Tech website Motherboard reported this week that it paid a bounty hunter $300 to locate a T-Mobile handset by tapping into a real-time feed that the carrier provided to an aggregator called Zumigo Inc.

T-Mobile Chief Executive John Legere said in a tweetearlier this week that the company is "completely ending location aggregator work" in March but will need time to "do it the right way to avoid impacting consumers who use these types of services for things like emergency assistance."

AT&T also said this week it would cut off data aggregators' access to the information by March. The company said it wound down most location sharing last year while still providing companies with customer information for services such as roadside assistance.

"In light of recent reports about the misuse of location services, we have decided to eliminate all location aggregation services -- even those with clear consumer benefits," the company said.

A spokesman for Verizon Communications Inc., which late last year added restrictions on its relationship with location-data brokers, said the carrier plans to end its remaining agreements with four roadside-assistance companies by the end of March. "We have terminated all other such arrangements," he said.

A Sprint Corp. spokeswoman said the company told Zumigo this week that it was terminating its contract. Sprint "determined that Zumigo violated the terms of our contract by not sufficiently protecting Sprint customer data in its relationship with MicroBilt," a credit-reporting company used in the bounty hunter example to pinpoint a phone.

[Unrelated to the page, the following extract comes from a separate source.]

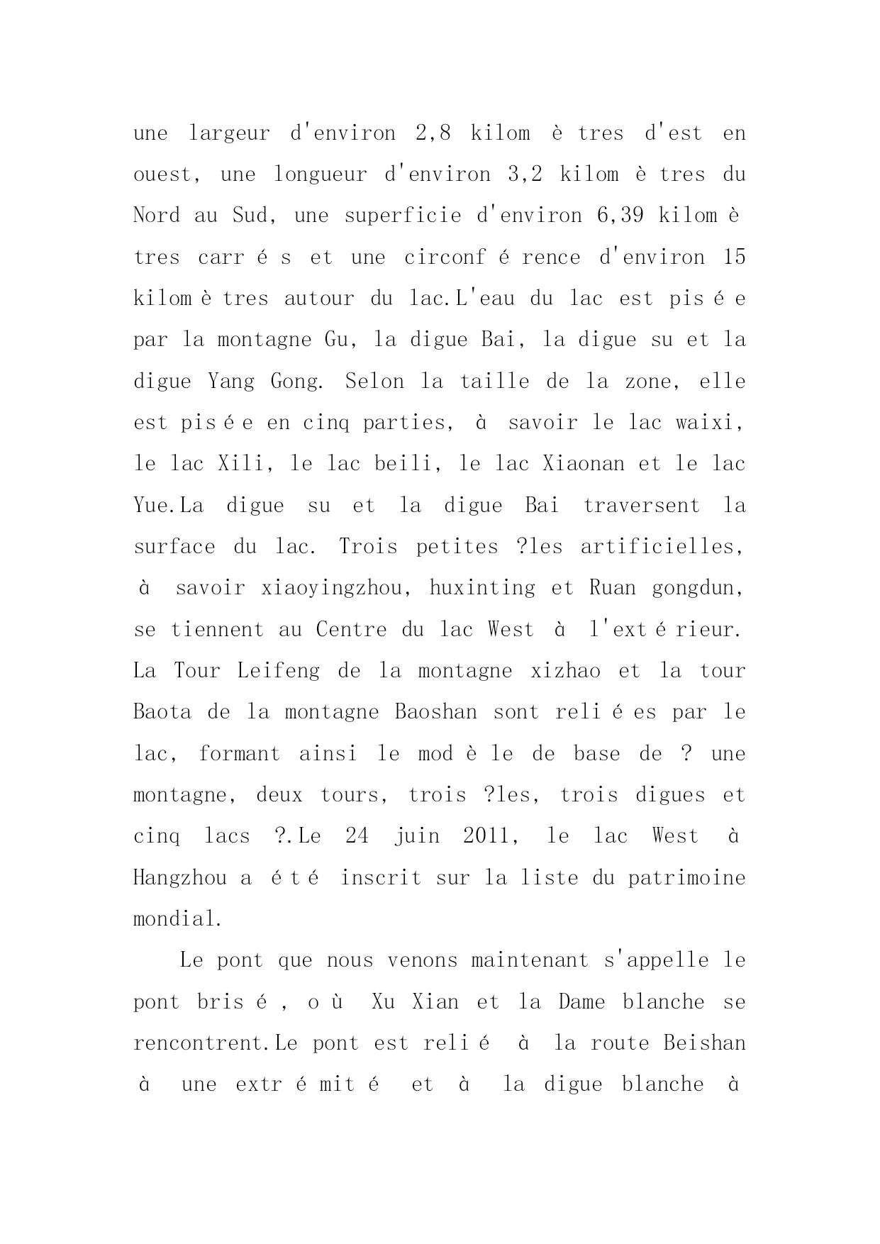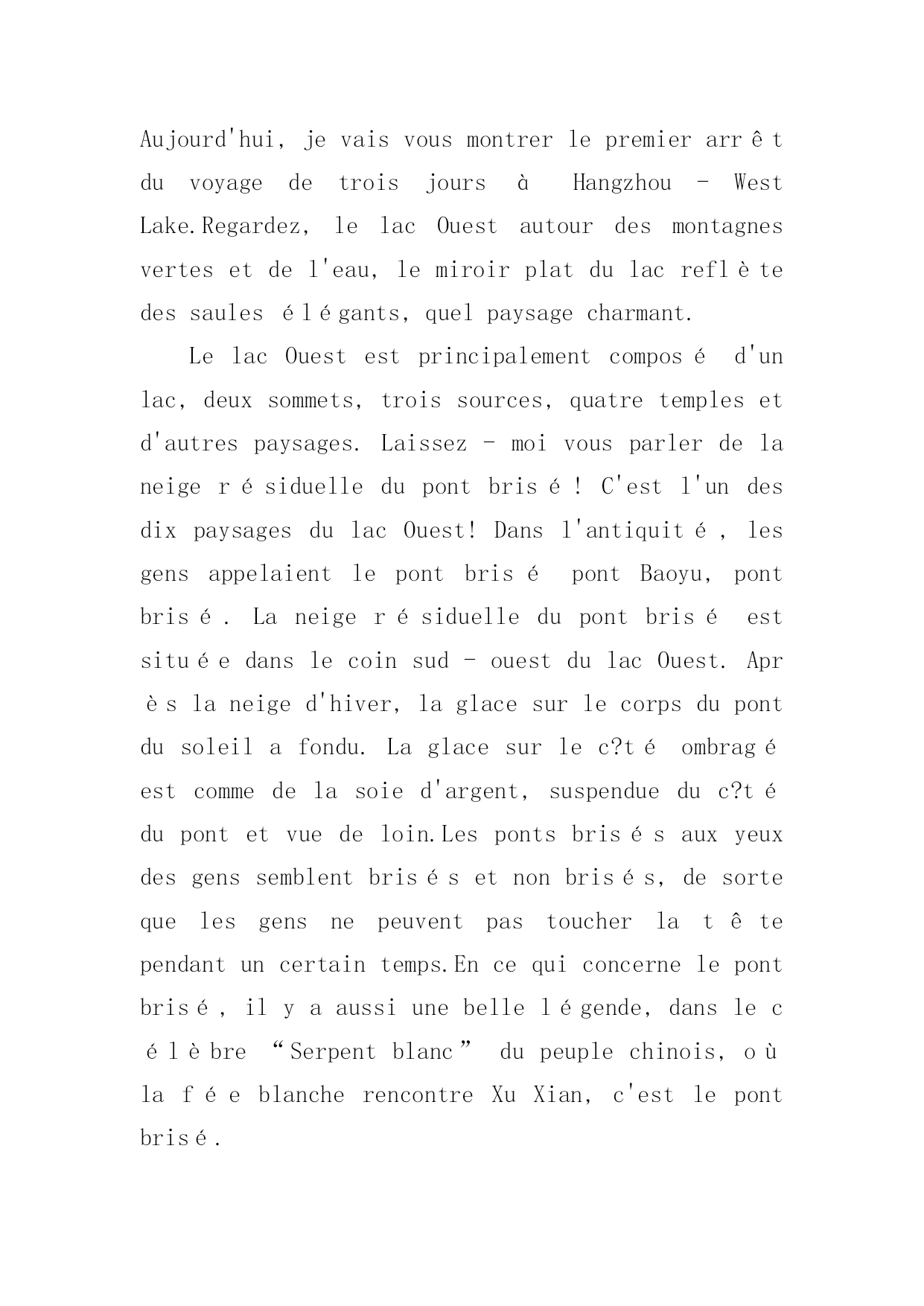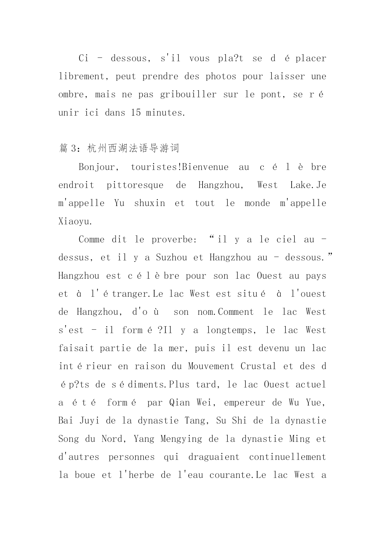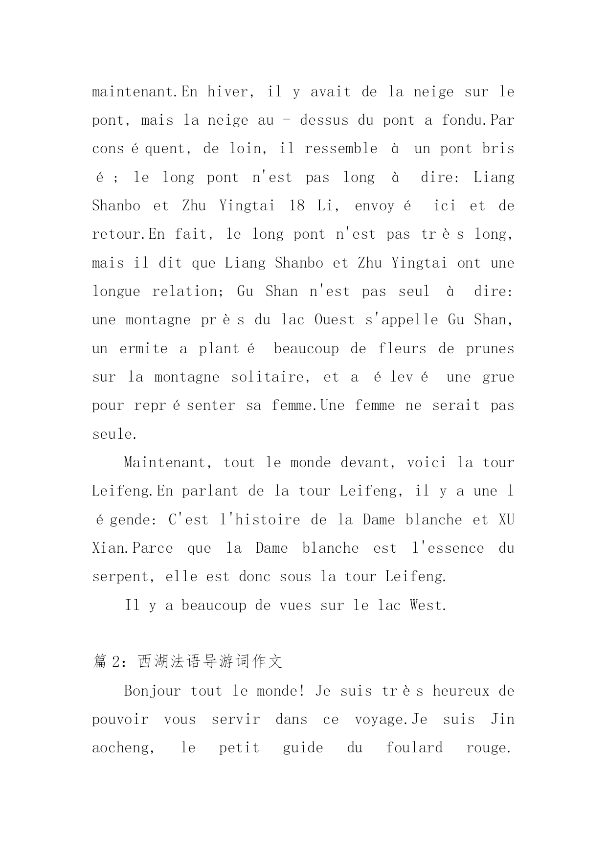 西湖法语导游词作文 【导语】“成了呢”通过精心收集,向本站投稿了27篇西湖法语导游词作文,下面是小编给大家带来关于西湖法语导游词作文,一起来看看吧,希望对您有所帮助。篇1:西湖法语导游词作文Chervoyageur,jesuisleGuidedel'AgencedevoyageBlueSky,monnomestZhao,toutlemondem'appelleZhaoGuide.MaintenantquenoussommesarrivésaulacWest,toutlemondeconna?tlelacWestàHangzhou.RegardezlelacOuest,lelacscintillant,scintillantunpeud'or.Deloin,lelacOuestestcommeunpavillondejeunesfilles,chuchutouchante,gracieuse.LesfleursdelotussurlebordajoutentdelabeautéaulacWest.S'ilvouspla?t,nejetezpasdepiècessurlaFeuilledelotus.Commevouslesavezpeut-être,lalégendeditqu'ilyatroismonstresdanslelacWest.Lesvisiteursquinelesaventpasdoiventsedemander:Qu'est-cequec'est?Laissez-moivousenparlermaintenant.Enhiver,ilyavaitdelaneigesurlepont,maislaneigeau-dessusdupontafondu.Parconséquent,deloin,ilressembleàunpontbrisé;lelongpontn'estpaslongàdire:LiangShanboetZhuYingtai18Li,envoyéicietderetour.Enfait,lelongpontn'estpastrèslong,maisilditqueLiangShanboetZhuYingtaiontunelonguerelation;GuShann'estpasseulàdire:unemontagneprèsdulacOuests'appelleGuShan,unermiteaplantébeaucoupdefleursdeprunessurlamontagnesolitaire,etaélevéunegruepourreprésentersafemme.Unefemmeneseraitpasseule.Maintenant,toutlemondedevant,voicilatourLeifeng.EnparlantdelatourLeifeng,ilyaunelégende:C'estl'histoiredelaDameblancheetXUXian.ParcequelaDameblancheestl'essenceduserpent,elleestdoncsouslatourLeifeng.IlyabeaucoupdevuessurlelacWest.篇2:西湖法语导游词作文Bonjourtoutlemonde!Jesuistrèsheureuxdepouvoirvousservirdanscevoyage.JesuisJinaocheng,lepetitguidedufoulardrouge.Aujourd'hui,jevaisvousmontrerlepremierarrêtduvoyagedetroisjoursàHangzhou-WestLake.Regardez,lelacOuestautourdesmontagnesvertesetdel'eau,lemiroirplatdulacreflètedessaulesélégants,quelpaysagecharmant.LelacOuestestprincipalementcomposéd'unlac,deuxsommets,troissources,quatretemplesetd'autrespaysages.Laissez-moivousparlerdelaneigerésiduelledupontbrisé!C'estl'undesdixpaysagesdulacOuest!Dansl'antiquité,lesgensappelaientlepontbrisépontBaoyu,pontbrisé.Laneigerésiduelledupontbriséestsituéedanslecoinsud-oue

Zumigo CEO Chirag Bakshi said his company cut off MicroBilt's access to all cellphone locations after the Motherboard article published. "The incident that occurred was an illegal use of the data," Mr. Bakshi said in an interview. "MicroBilt was supposed to be for lending...for a financial use case which was misused."

MicroBilt said its contracts with clients require a customer's explicit consent to access location data. "Upon learning of the breach of contract in this instance, MicroBilt immediately terminated the customer's account and suspended delivery of its mobile device geolocation verification service to all customers," marketing chief Sean Albert said.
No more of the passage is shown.